Ceci n’explique pas comment de simples hommes de lettres qui, comme l’écrira Tocqueville, ne possédaient ni rangs, ni honneurs, ni richesses, ni responsabilité, ni pouvoir, devinrent, en fait, les principaux hommes politiques de leur temps, et même les seuls, puisque, tandis que, d’autres exerçaient le gouvernement, eux seuls tenaient l’autorité.
Il y a sans doute à cela plusieurs explications. En premier lieu il est probable que les Voltaire (fils de tanneur), Diderot (fils de coutelier), D’Alembert (fruit d’amours illégitimes) et Rousseau (fils d’horloger), pour ne prendre qu’eux, furent d’autant plus sensibles à la misère qui éclataient aux yeux de tous, qu’ils étaient eux-mêmes d’extractions modestes. Héritiers de Montaigne et des moralistes du siècle précédant, l’étude de la psychologie et de la condition des êtres leur étaient pour ainsi dire naturelles. Les colonies, la mondialisation naissante poussaient chacun d’autant à s’interroger sur la fonction et la nature du droit, l’universalisme comme les spécificités des cultures. Quant à leur philosophie respective si elles divergeaient sur bien des points, toutes s’accordaient sur la nécessité de réformer des règles et traditions dont le caractère proprement obsolète n’était plus à prouver.
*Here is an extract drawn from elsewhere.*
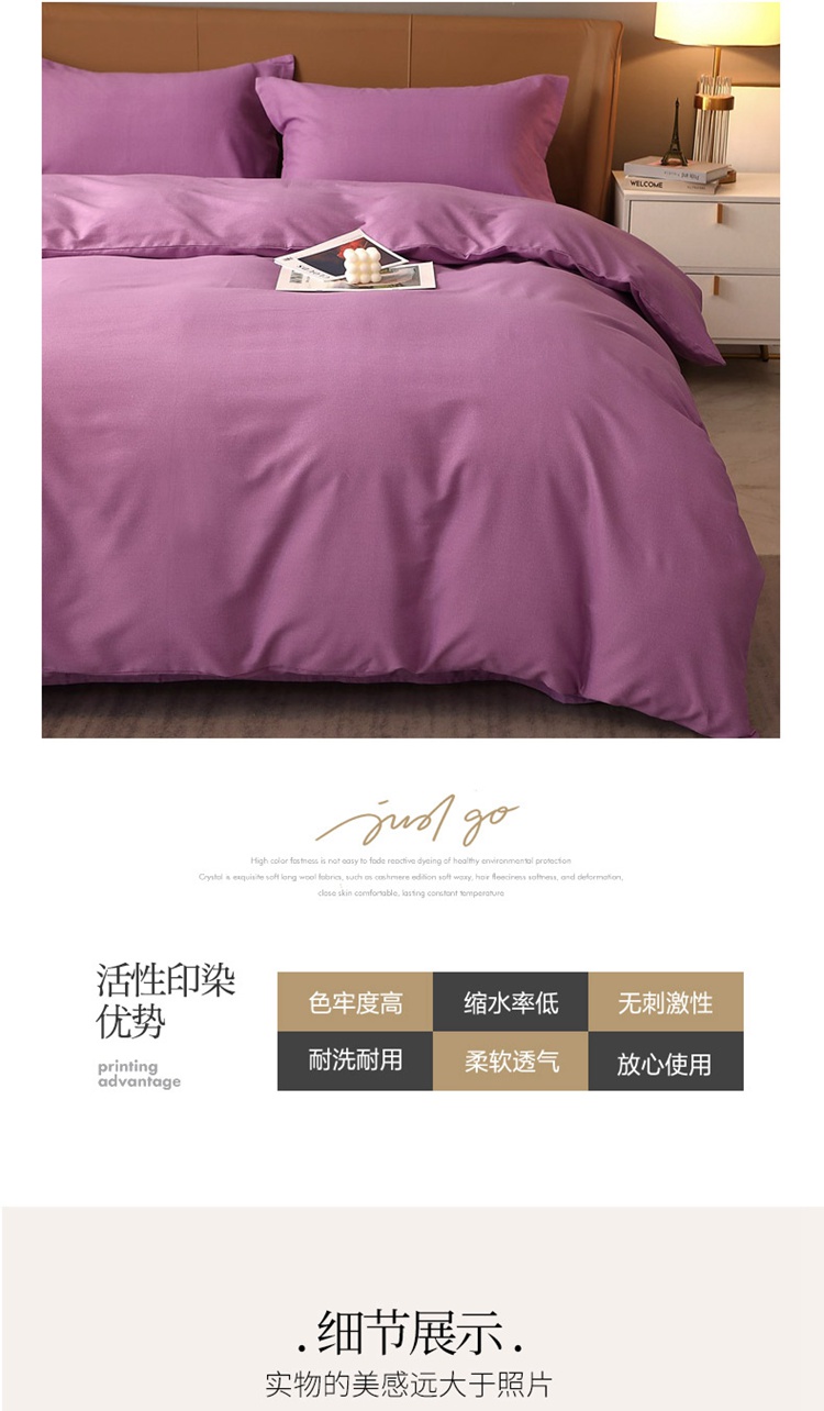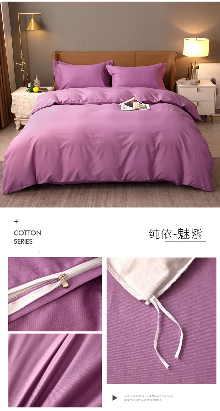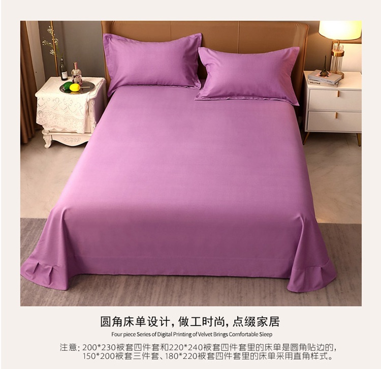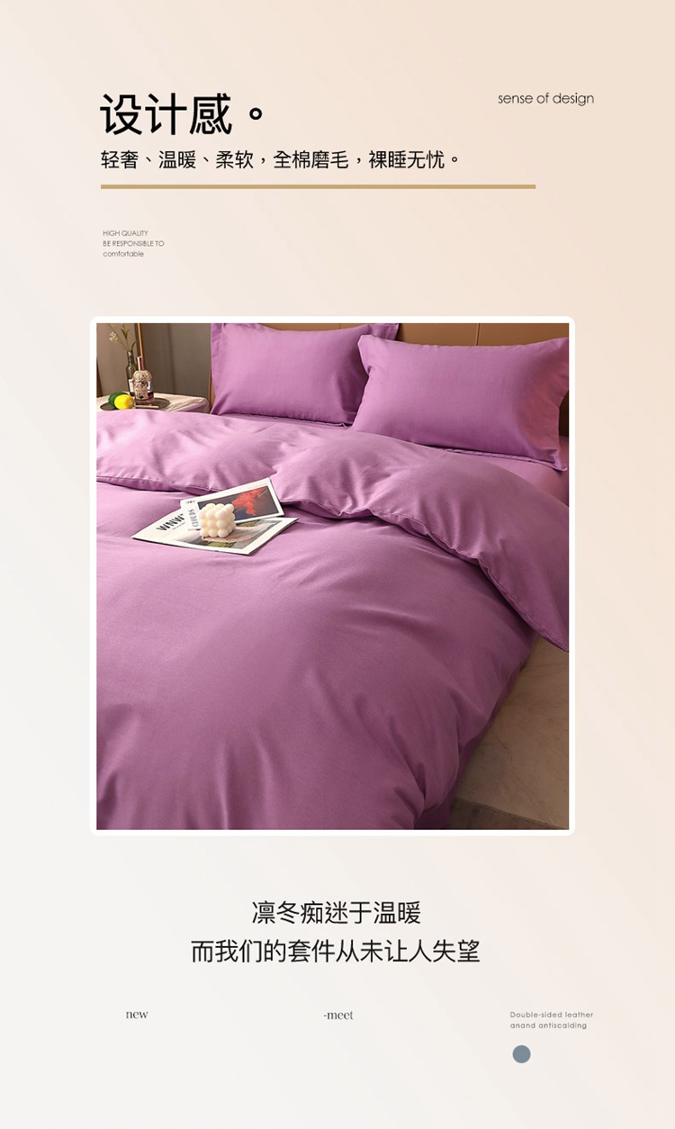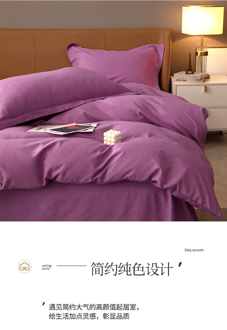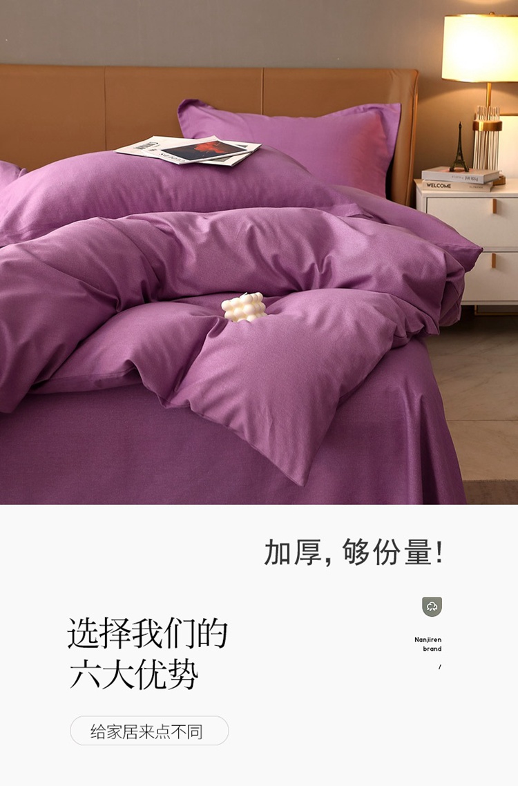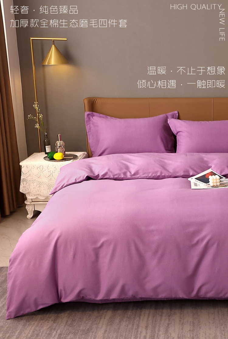 当前位置: 91家纺网 > 商品网购 > 床品套件 > 四件套 > 普通磨毛四件套 > 晶缦家纺 2022新款加厚全棉纯色生态磨毛多规格四件套 纯依-魅紫
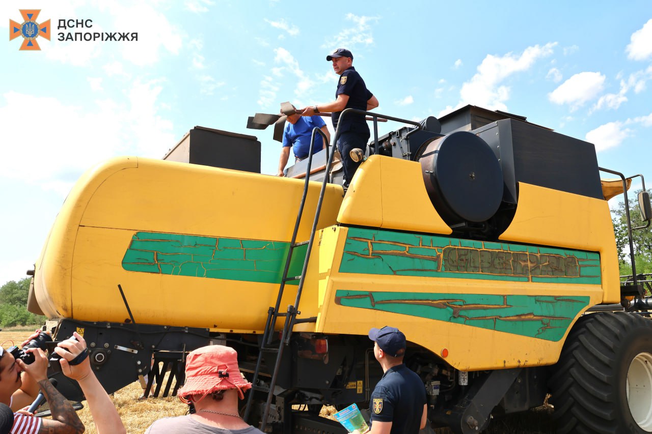 У Запорізькому районі офіцер громади разом із фахівцями оглянув комбайни, перевірив вогнегасники та пояснив, як діяти в разі загоряння чи виявлення небезпечних предметів.

En réalité, ces hommes de lettres rédigeaient leurs théories avec d’autant plus de fougue qu’ils se trouvaient étrangers aux affaires et dépourvu d’expérience dans le domaine politique. De même, ces théories bénéficiaient d’une approbation d’autant plus générale que le peuple s’était lui-même peu à peu déconnecté des affaires publiques. Si leurs idées séduisaient, on se souciait peu de leur efficience. On les croyait à bon droit nécessaires et fédératrices mais on ignorait, à défaut d’expérience, les moyens de leur conférer une once de réalité. Sans s’en rendre compte, on préparait une révolte, révolte qui n’eut d’égale que l’incapacité des élites à donner corps à leurs principes. On ne vit pas que les inégalités avaient atteint un tel degré qu’elles ne laissaient guère de place à la modération : “Il semblait, écrit Tocqueville, qu’il fallût tout supporter ou tout détruire dans la constitution du pays.” Or, à l’évidence, la notion de révolution – et à fortiori de révolution violente – était étrangère aux théoriciens de l’égalité et des droits de l’homme : ils croyaient, comme l’écrit encore Tocqueville, que la transformation totale et soudaine d’une société si compliquée et si vieille pouvait s’opérer sans secousse à l’aide de la raison, et par sa seule efficacité.
Moralité ? Ça n’est pas en substituant l’Absolutisme de la compassion à la Raison engagée, que les Tenants de la Révolution atteignirent l’objectif qu’ils s’étaient fixer. Il existe en effet un gouffre immense entre fédérer des esprits en proclamant des lois générales et chercher les moyens de les appliquer. C’est ce qui différencie une révolte avortée d’une révolte qui porte ses fruits à maturité.